(Beginning of GIVEN INFORMATION)

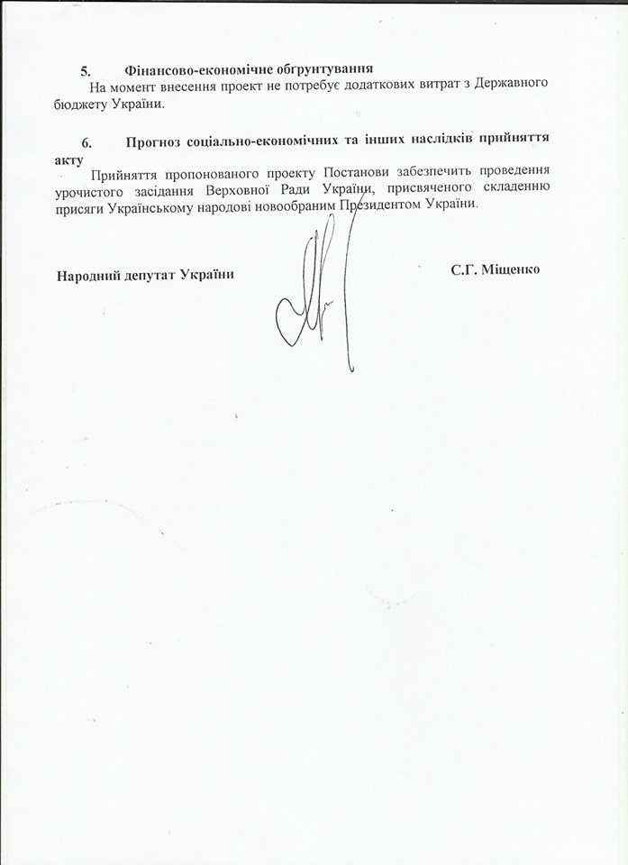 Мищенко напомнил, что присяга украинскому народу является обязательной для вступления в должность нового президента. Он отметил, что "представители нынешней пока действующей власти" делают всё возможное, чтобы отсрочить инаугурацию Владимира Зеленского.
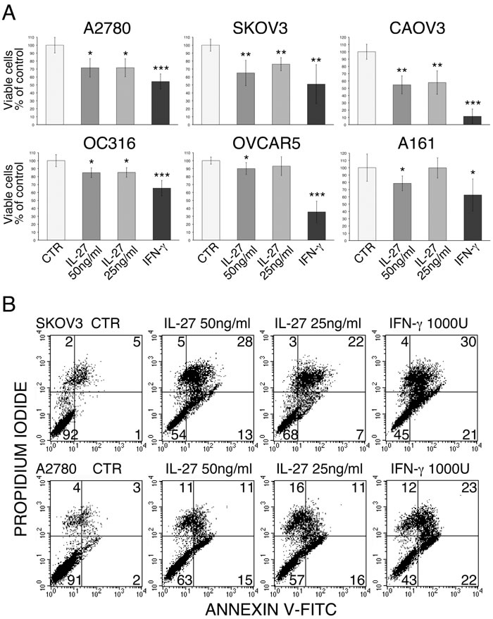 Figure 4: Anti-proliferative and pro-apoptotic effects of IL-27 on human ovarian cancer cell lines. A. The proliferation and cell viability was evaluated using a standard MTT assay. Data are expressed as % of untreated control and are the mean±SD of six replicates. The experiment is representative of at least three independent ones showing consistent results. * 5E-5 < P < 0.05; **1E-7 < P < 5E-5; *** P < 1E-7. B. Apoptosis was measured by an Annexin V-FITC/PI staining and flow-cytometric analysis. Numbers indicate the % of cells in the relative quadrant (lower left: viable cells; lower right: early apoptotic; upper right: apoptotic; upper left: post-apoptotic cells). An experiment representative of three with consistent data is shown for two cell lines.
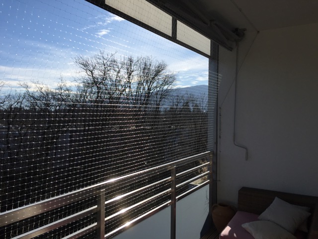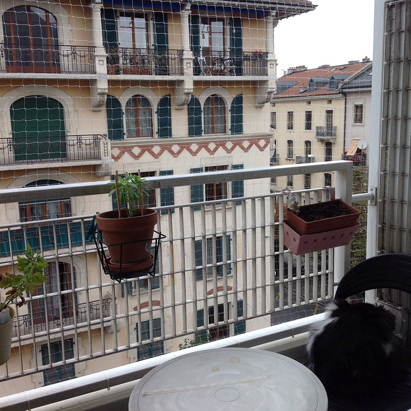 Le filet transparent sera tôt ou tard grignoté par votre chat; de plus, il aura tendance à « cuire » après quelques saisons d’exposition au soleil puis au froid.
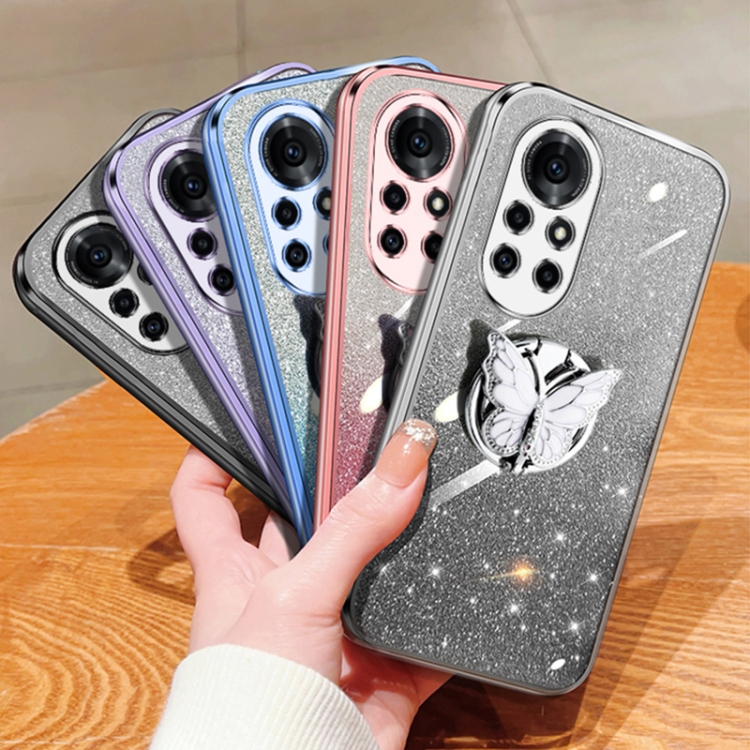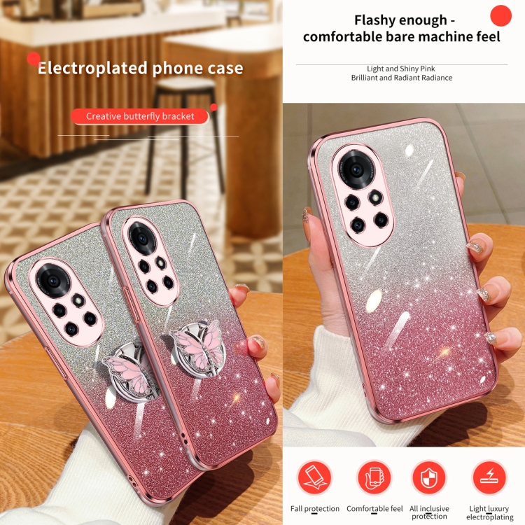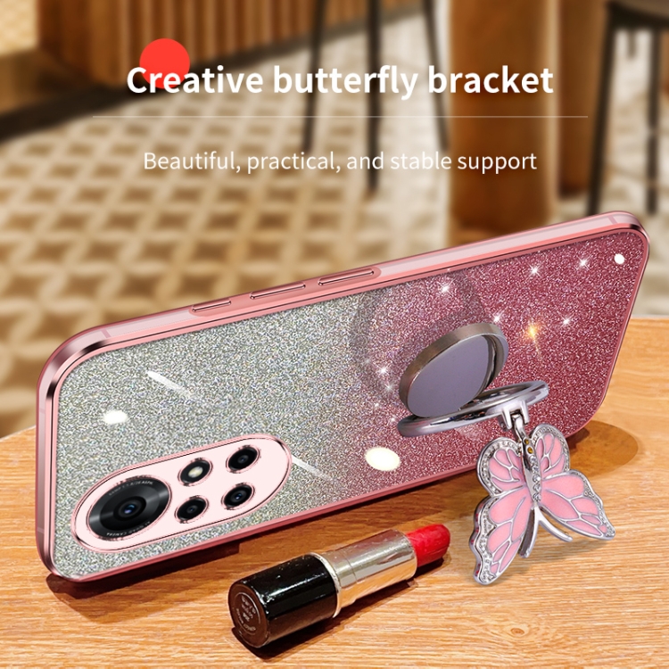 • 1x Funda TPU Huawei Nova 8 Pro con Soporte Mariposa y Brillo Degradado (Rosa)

(End of GIVEN INFORMATION)

With images omitted, output the data exactly as given.

• [ANSWER]:
 Мищенко напомнил, что присяга украинскому народу является обязательной для вступления в должность нового президента. Он отметил, что "представители нынешней пока действующей власти" делают всё возможное, чтобы отсрочить инаугурацию Владимира Зеленского.
 Figure 4: Anti-proliferative and pro-apoptotic effects of IL-27 on human ovarian cancer cell lines. A. The proliferation and cell viability was evaluated using a standard MTT assay. Data are expressed as % of untreated control and are the mean±SD of six replicates. The experiment is representative of at least three independent ones showing consistent results. * 5E-5 < P < 0.05; **1E-7 < P < 5E-5; *** P < 1E-7. B. Apoptosis was measured by an Annexin V-FITC/PI staining and flow-cytometric analysis. Numbers indicate the % of cells in the relative quadrant (lower left: viable cells; lower right: early apoptotic; upper right: apoptotic; upper left: post-apoptotic cells). An experiment representative of three with consistent data is shown for two cell lines.
 Le filet transparent sera tôt ou tard grignoté par votre chat; de plus, il aura tendance à « cuire » après quelques saisons d’exposition au soleil puis au froid.
 • 1x Funda TPU Huawei Nova 8 Pro con Soporte Mariposa y Brillo Degradado (Rosa)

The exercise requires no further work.